Washington University of St. Louis Transgender Center and St. Louis Children’s Hospital Transgender Center staffers advised Parkway Schools officials to not require school employees to notify parents if their child uses a chest binder or identifies as the opposite sex at school, according to emails uncovered as part of a public records request.
A Parkway Schools counselor inquired about students’ chest binder usage in an email to the program manager at St. Louis Children’s Hospital Transgender Center, who also worked in the division of adolescent medicine at the Washington University of St. Louis School of Medicine. Biological women who wish to appear more masculine use chest binders—a tight, sports-bra style undergarment—to flatten and conceal their breasts.
“We are seeing an increase in students wanting to use chest binders.” The counselor said in an email. “…There were also times when the student’s parents did not know that their student was using a binder and would not have approved of it but the school counselor was made aware.”
The counselor asked the program manager a series of questions: “Do we have an obligation to tell parents if we learn the student is using a binder?” and “It seems that it would be beneficial for others in the building (nurse, PE teacher, music teacher) to know if a student is using a binder for safety reasons. Should we have a procedure for telling others on a need-to-know basis? (Again for safety).”
In subsequent emails, the counselor admitted that “we had a few instances where a student passed out when wearing one that was too tight (when participating in PE activities or singing and out of breath… Just wanted to put that into context).”
The counselor continued: “I know our staff wouldn’t necessarily want to tell the parents but were curious if they HAD to if it becomes a health issue?”
The program manager replied to the counselor’s first email, saying “it’s not technically an issue of parental consent for a minor to have access to a binder. However, parents can make it an issue…”
In a reply to the counselor’s second email, the program manager included a response from one of the co-directors of the St. Louis Children’s Hospital Transgender Center, who also works in adolescent medicine at the Transgender Center at the Washington University of St. Louis.
“‘I would actually decline any requirements for disclosure by students or from school to parents. I would, however, provide general education to school nurses, teachers, school counselors so that they are aware this may be something they encounter. In some circumstances a private conversation between PE teacher and student may be appropriate (Or between student and school counselor).’”
The program manager shared a “Safer Binding” document that said binding “may help reduce dysphoria, ease body discomfort and help affirm one’s gender.” It includes links to websites where one can access a binder, as well as a “binder sizing chart” and “binder safety tips.”

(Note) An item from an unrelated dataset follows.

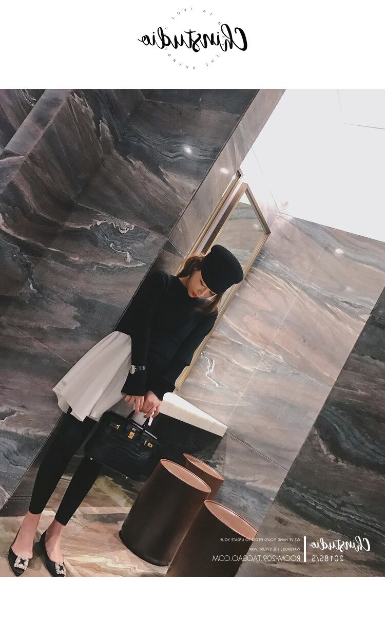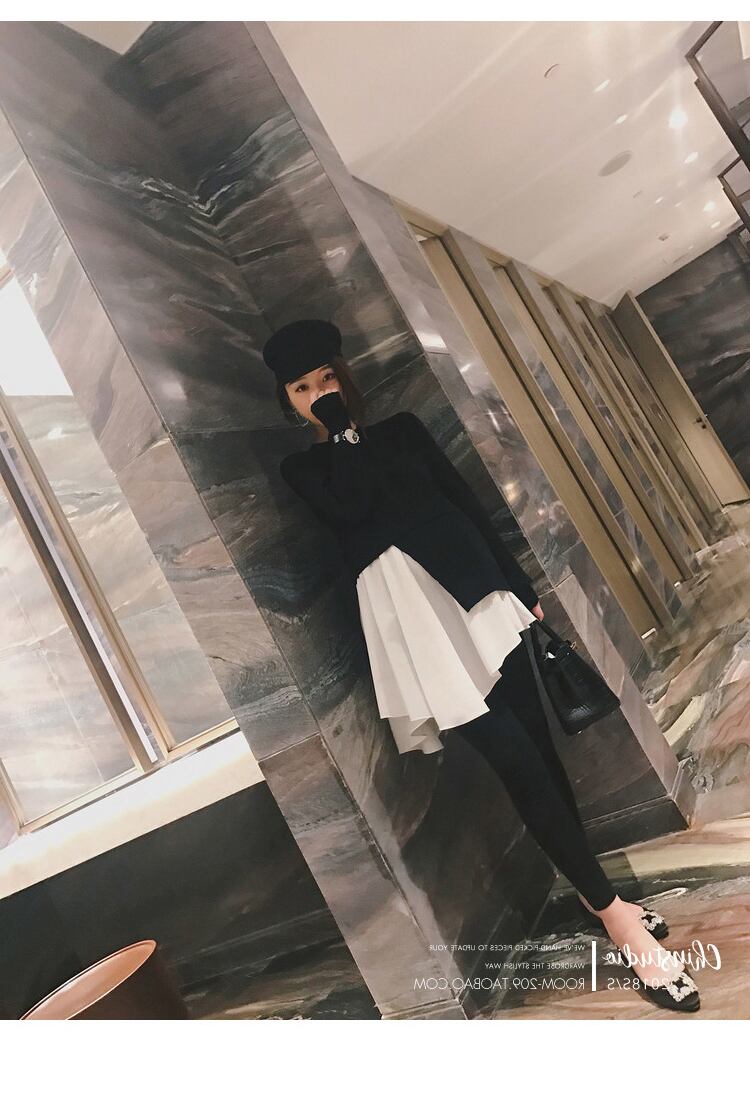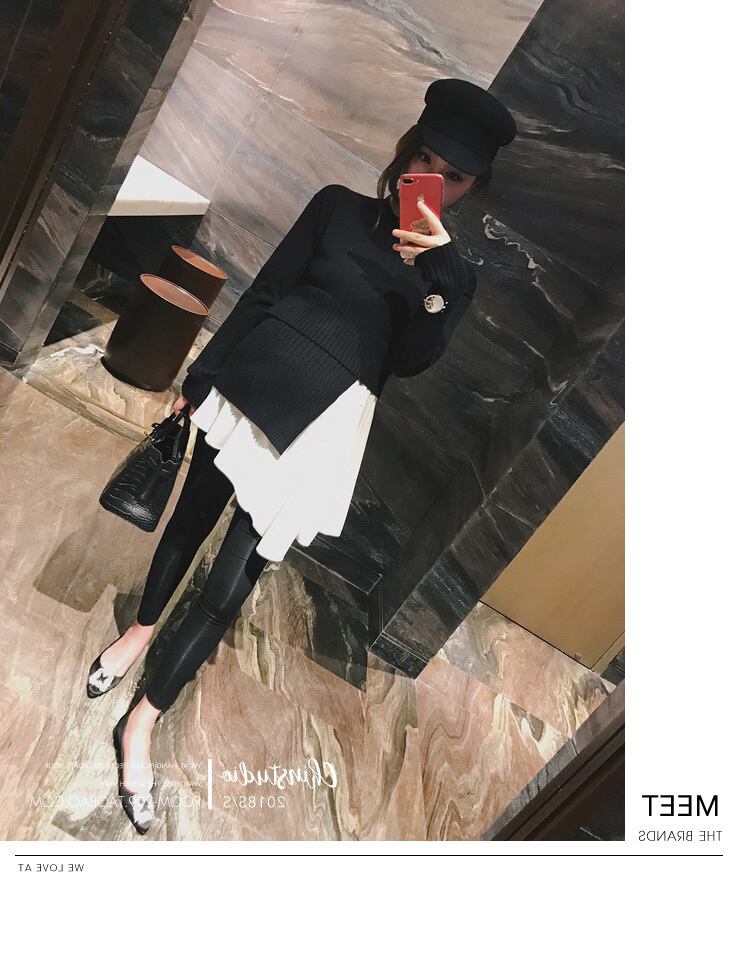 ドッキングアシンメトリー 切り替えニット レイヤード 重ね着風 重ね着 ドッキングニット フレア 裾 レディース トップス ニット クルーネック. a3758

Another email included in the results of the public records request included a link to a YouTube video of the program manager training Parkway Schools officials on LGBTQ+ issues in August 2021.
During a discussion on parental notification, the program manager states: “…There is a lot of ethical debate about this… cause like, parents are the parents, they’re in charge, on the other hand the kids are with all of you 6 to 8 hours a day. I believe that the best practice would be to respect that kid’s gender identity to the best that you can, without informing the parents, throughout the school day as much as you can… Working with the student, okay we can’t change your name on all the things because we have to tell your parents… so we can’t do that, but here’s where we can change your name.”
Parents Defending Education uncovered the January 2022 email exchange as part of a public records request. A separate public records request with Francis Howell Public Schools found that St. Louis Children’s Hospital Transgender Center employees hosted training for Francis Howell Public School employees and invited district employees to “Community Providers” Meetings. However, there was no indication that the gender clinic employees had explicitly advised the district to exclude parents from conversations about their child’s gender identity.
Several Washington University Transgender Center Doctors and employees staff The Children’s Hospital of St. Louis Transgender Center. The St. Louis Children’s Hospital of St. Louis Transgender Center co-director also works at The SPOT, a youth clinic out of Jennings High School.